A society will be considered more or less modernised to the extent that its members use inanimate sources of power and/or use tools to multiply the effects of their efforts.

Levy, Marion Joseph. Modernization and the Structure of Societies: A Setting for International Affairs, Jr, Princeton University Press, 1966.

Alternatively, if modernity equates high economic productivity, then modernisation could be considered the process of making that possible. Rostow's definition thus defines modernisation as achieving the preconditions for such an "economic take-off":

Modernisation theory is epitomised in Rostow's (1960) influential model of 'stages of economic growth'. These described how 'traditional' societies (with 'primitive' technologies and spiritual attitudes to nature), 'develop' to 'pre-conditions for economic take off' (like that experienced in seventeenth and eighteenth-century Western Europe). 'Take off' follows, where new industries and entrepreneurial classes emerge.

Pepper, David. Modern Environmentalism: An Introduction. Psychology Press, 1996.

Another view is that modernisation is a relative concept. That is, the idea of Meiji Japan modernising only exists because she was surpassed by the West and wanted to eliminate the gap. In this view, modernity is not about the economy per se, but rather about adopting the necessary institutions to keep up from now on.

Black's definition is in this vein, tying modernity to the ability to partake in the scientific revolution:

the process by which historically evolved institutions are adapted to the rapidly changing functions that reflect the unprecedented increase in man's knowledge, permitting control over his environment, that accompanied the scientific revolution.

Black, Cyril Edwin. The Dynamics of Modernization: A Study in Comparative History. New York: Harper & Row, 1966.

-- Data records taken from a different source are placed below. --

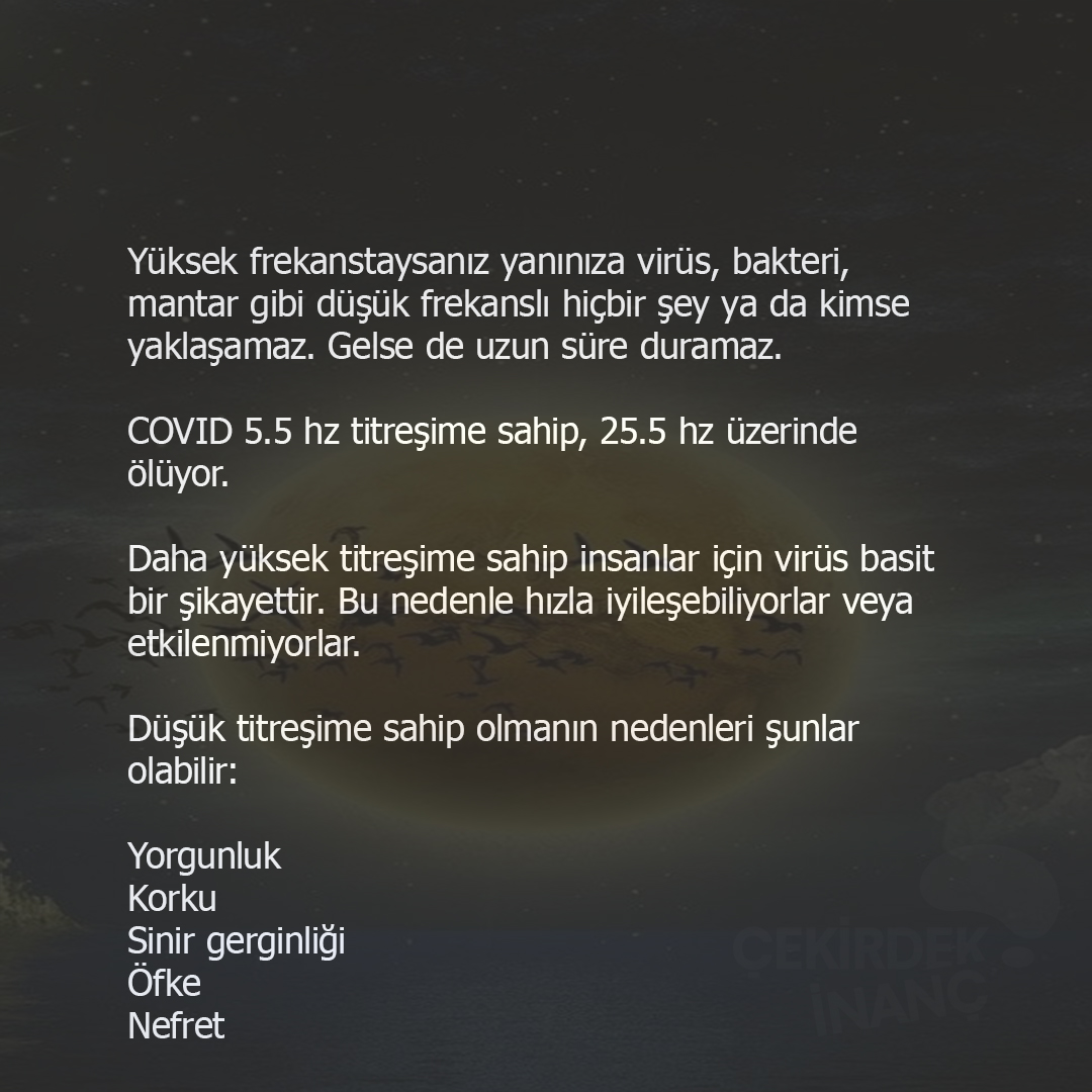 Yüksek frekanstaysanız yanınıza virüs, bakteri, mantar gibi düşük frekanslı hiçbir şey ya da kimse yaklaşamaz. Gelse de uzun süre duramaz.
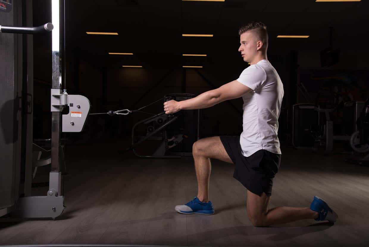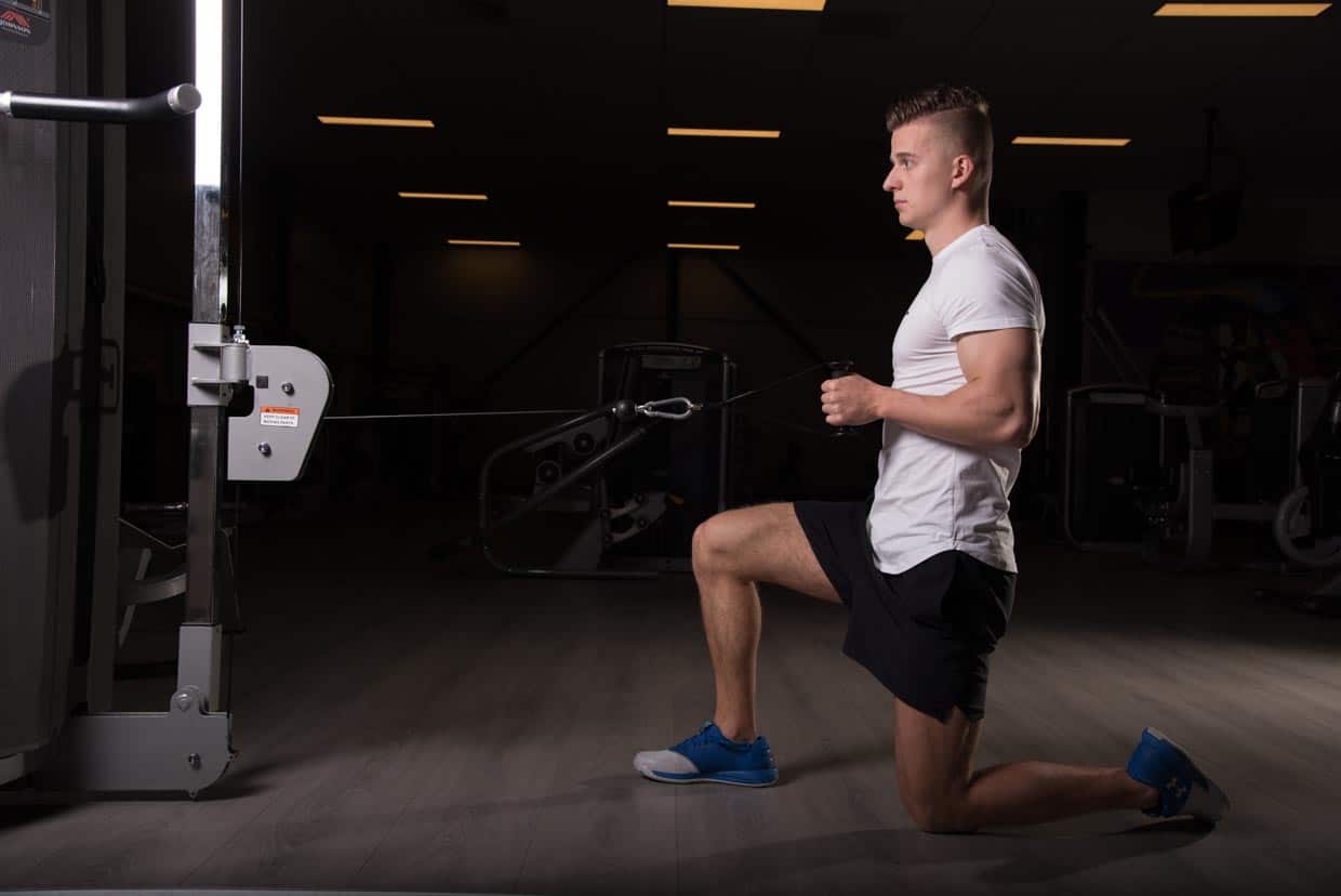 - Pak de handgrepen vast en ga voor het kabelrek op een knie zitten. Plaats voet en knie breed genoeg (heup- tot schouderbreedte) voor voldoende balans. Zorg dat de afstand tot het kabelrek groot genoeg is om bij gestrekte armen nog spanning te behouden.
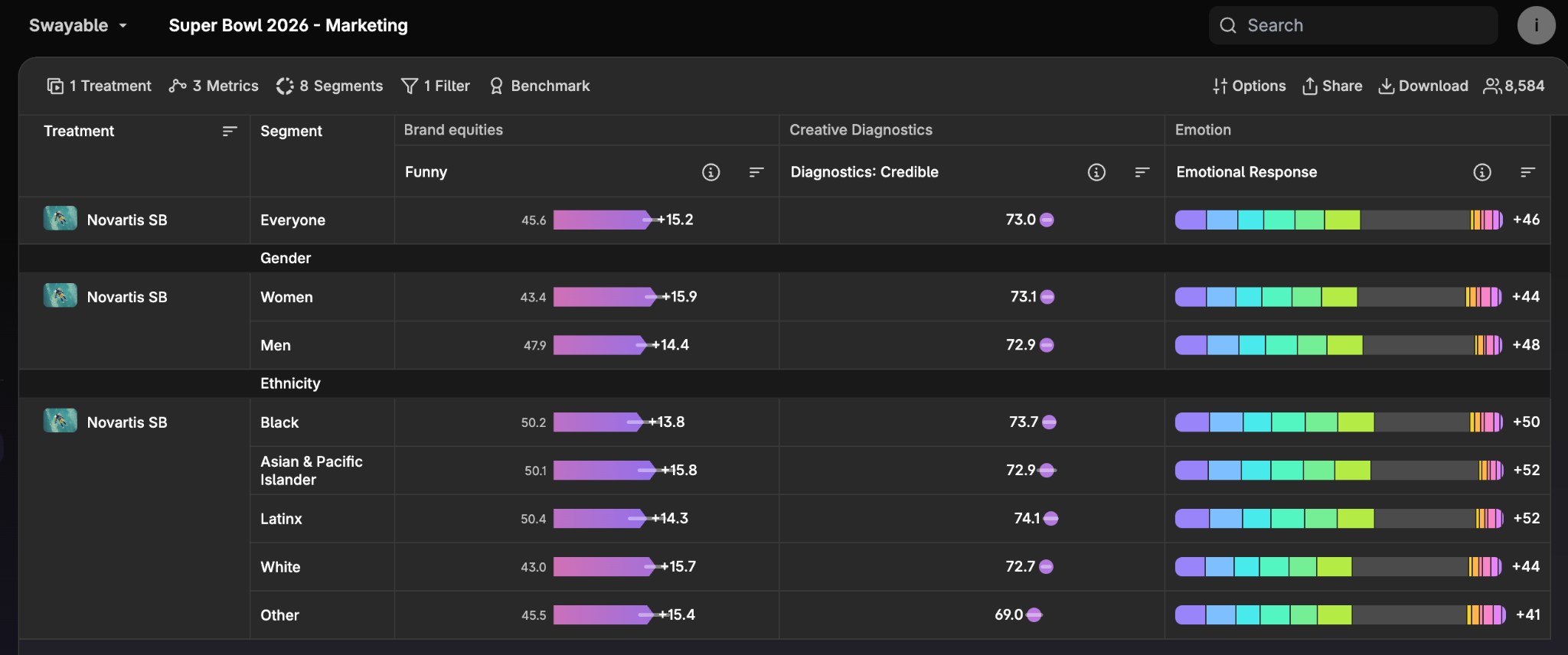 The other ads we tested—from Hellmann’s, Novartis, and Budweiser—generated minor lift across key metrics including favorability and purchase intent, while scoring better across emotional response metrics such as humor, authenticity, and memorability.
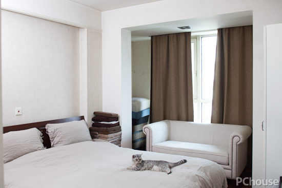 两人的卧室采用同样的墙面装修,与木色的睡床、咖啡色的窗帘和白色的床品,搭配起来显得冷清又沉闷;卧室是休息的地方不适合采用太多鲜艳的颜色,香芋色配合浅灰色,让空间既有不一样的氛围又不影响舒适的休息。
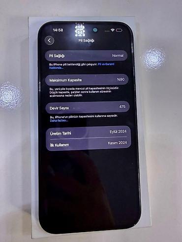 - Batareya məlumatları (ekran şəklinə əsasən): Pil Sağlığı – Normal, Maksimum tutum – 90%, Dövr sayı – 475
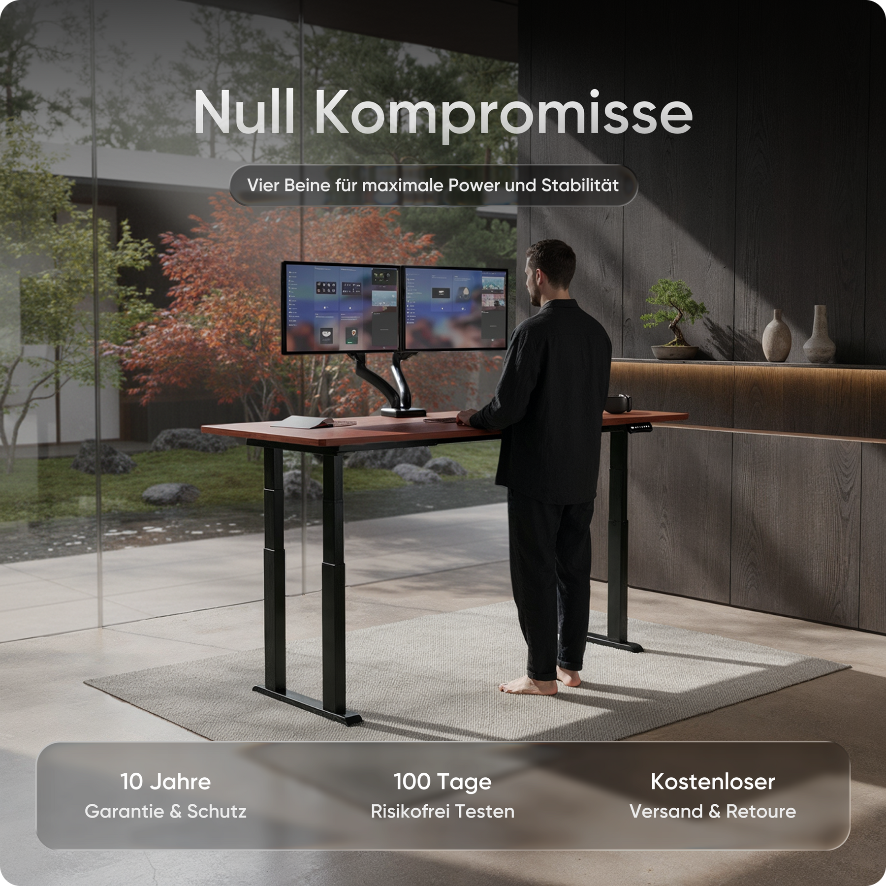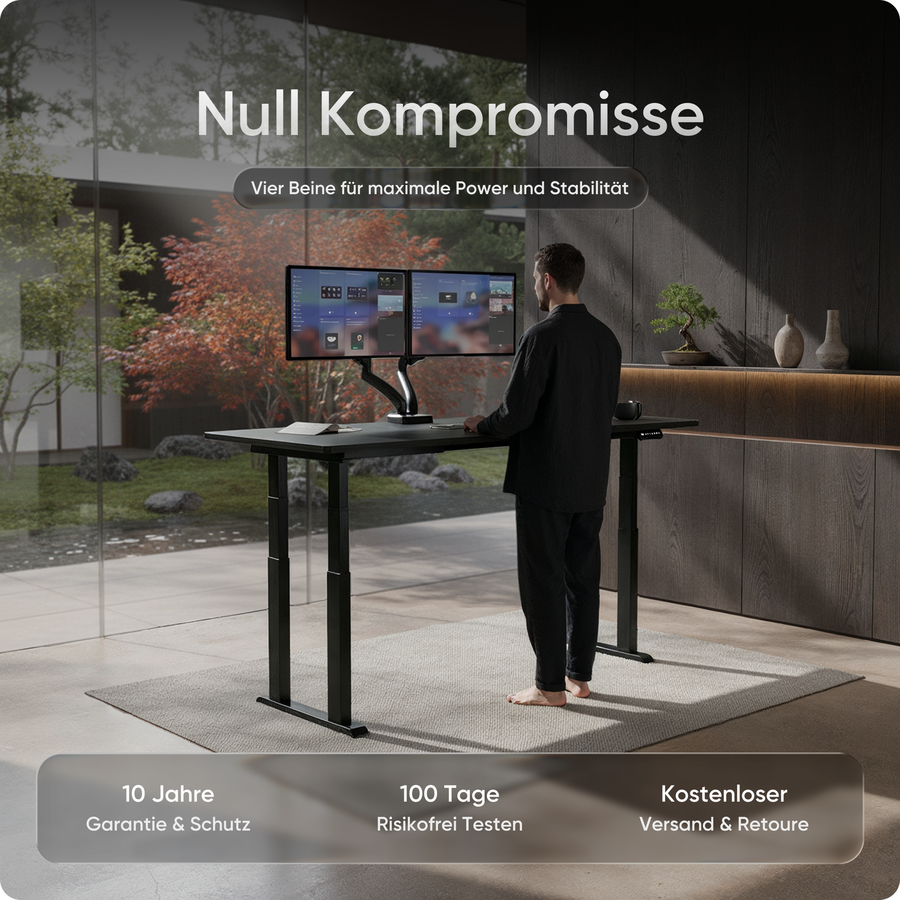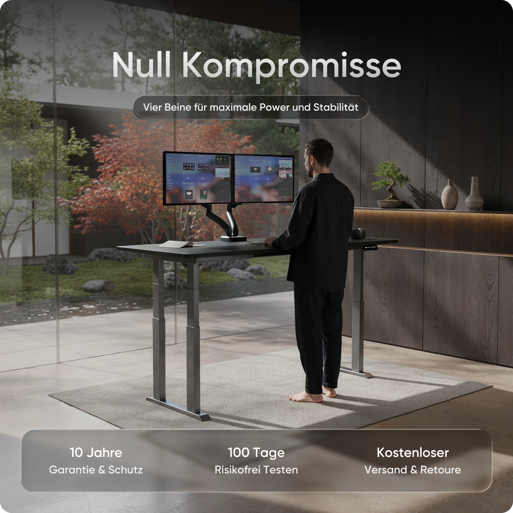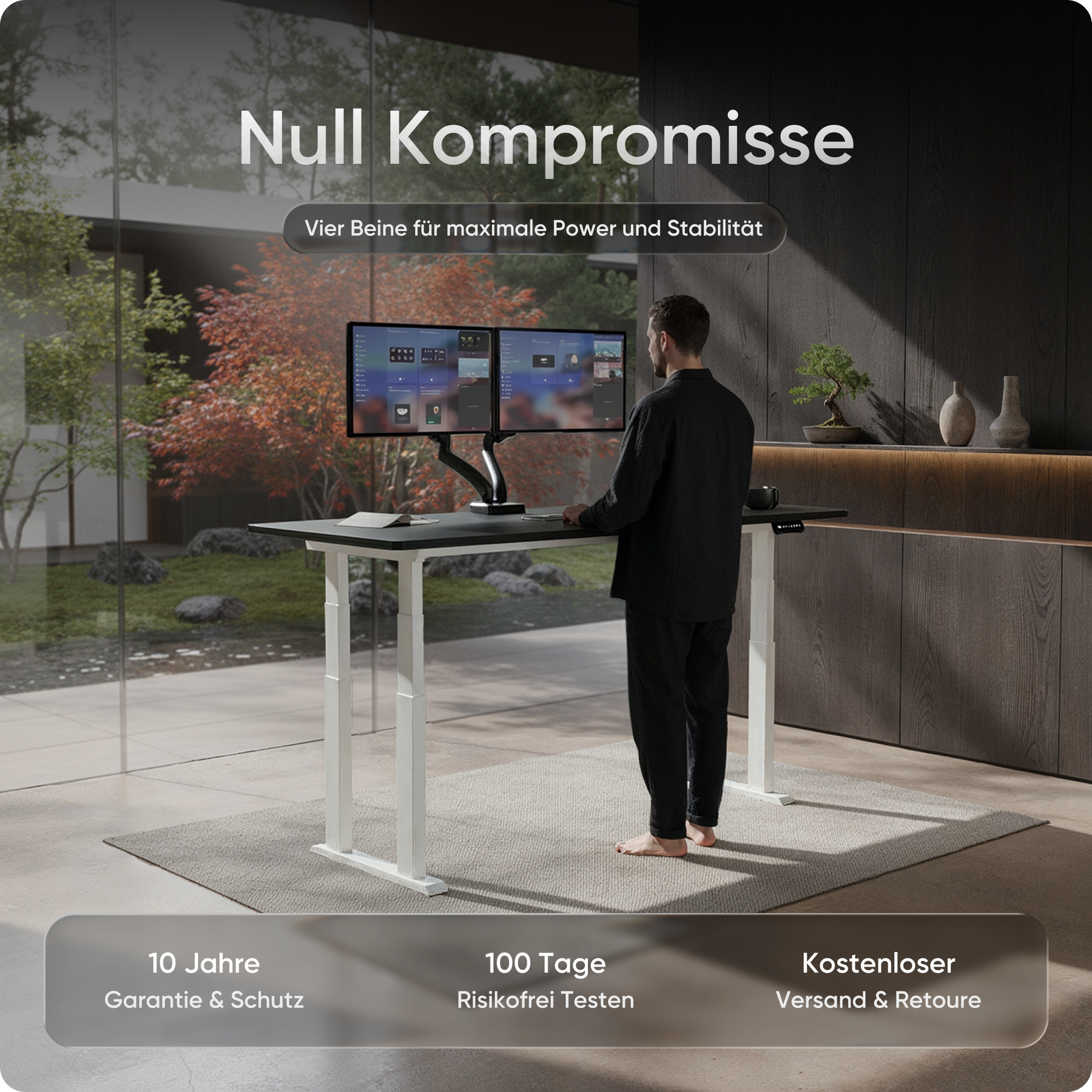 Erlebe die Revolution des stabilsten 4-beinigen höhenverstellbaren Schreibtisches.

Still other writers have adopted a less concrete view of what it means to be modern. Rather than a fixed pattern of development such as that modeled after the Western experience, they argue modernity takes on many forms, and is better characterised by a set of features. Shmuel Eisenstadt argues, for instance, that modernity is about an ongoing process of transformation:

the best way to understand the contemporary world - indeed to explain the history of modernity - is to see it as a story of continual constitution and reconstitution of a multiplicity of cultural programs and cultural patterns of modernity.

Eisenstadt, Shmuel N. "Some observations on multiple modernities." Reflections on Multiple Modernities: European, Chinese and other Interpretations (2002): 27-41.

Writers like Arnason takes this one step further and describes modernity in libertarian terms:

The idea that the significance placed on human agency ultimately defines modernity is shared by others. Johann Arnason has described modernity as an 'unprecedented affirmation of human autonomy'.

Ichijo, Atsuko, ed. Europe, nations and Modernity. Springer, 2011.

In other words, in this view, modernisation is about creating the environment, such as a free and open political system, that would allow a society to continuously adapt and transform itself.